What you have to do →
Pictures stay out; everything else in the listing below is to be restated word for word.
Start of Data extract
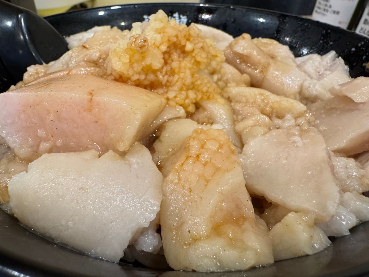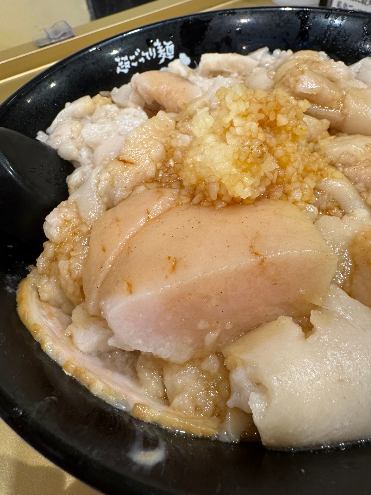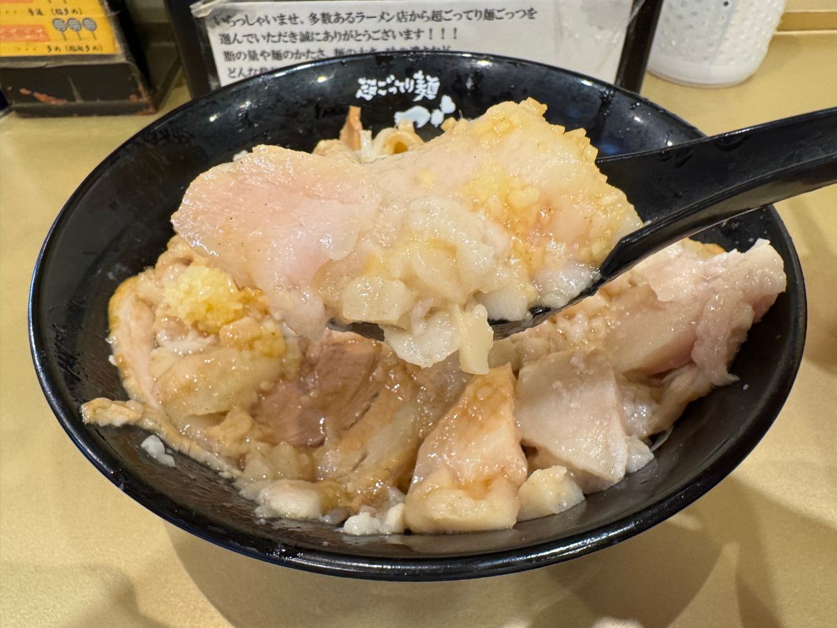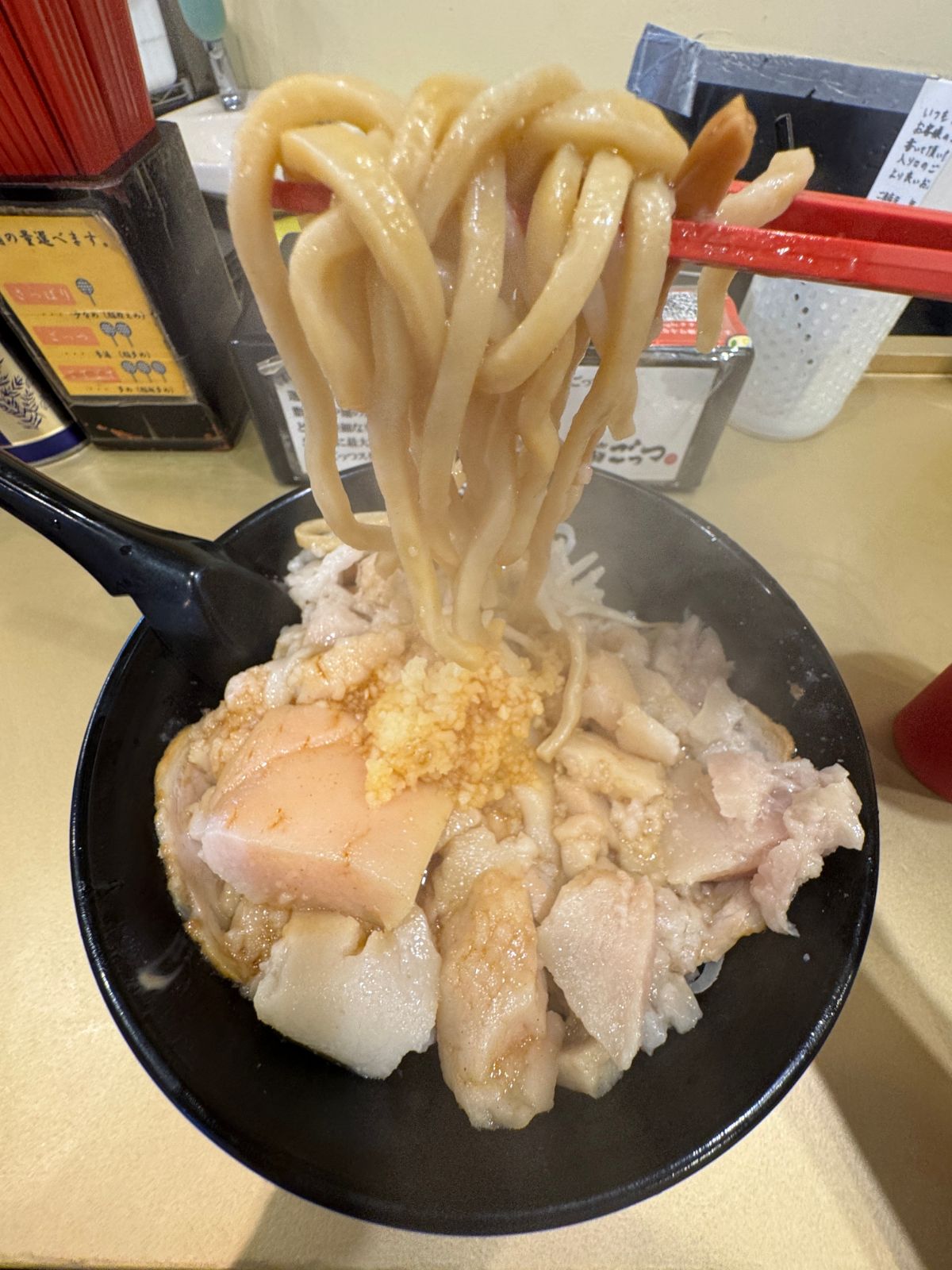 今度は良くかき混ぜて食べる。うまいッ!! 今度はタレが全体的にまわって、均等な濃さに。でもちょっとまって、けっこう麺をズズッとすすりまくっているけど、まっっっっったく、しつこくない! むしろ旨味が濃さと塩味を盛り上げていて良き!!
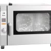 Im Dampf-, Heißdampf- und Regenerierprogramm erfolgt die Dampfzufuhr bedarfsgerecht und ohne manuelle Voreinstellung, schonendes Biogaren ist möglich. Der Feuchteanteil des Garraums kann stufenweise reduziert werden (Crisp&Tasty); integrierte Beschwadung.
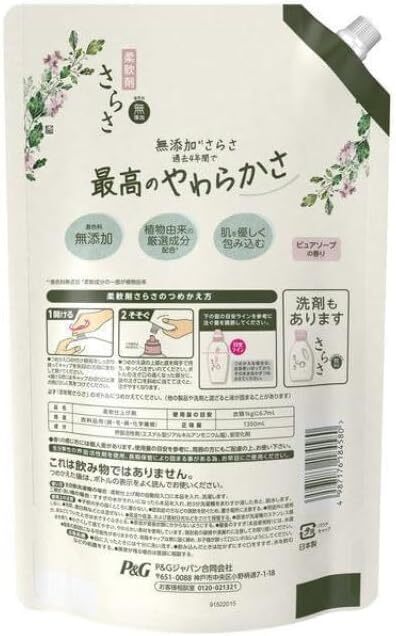 さらさ 柔軟剤 詰め替え 大容量 3.6倍 1350mL 2袋
End of Data extract
Answer space →
 今度は良くかき混ぜて食べる。うまいッ!! 今度はタレが全体的にまわって、均等な濃さに。でもちょっとまって、けっこう麺をズズッとすすりまくっているけど、まっっっっったく、しつこくない! むしろ旨味が濃さと塩味を盛り上げていて良き!!
 Im Dampf-, Heißdampf- und Regenerierprogramm erfolgt die Dampfzufuhr bedarfsgerecht und ohne manuelle Voreinstellung, schonendes Biogaren ist möglich. Der Feuchteanteil des Garraums kann stufenweise reduziert werden (Crisp&Tasty); integrierte Beschwadung.
 さらさ 柔軟剤 詰め替え 大容量 3.6倍 1350mL 2袋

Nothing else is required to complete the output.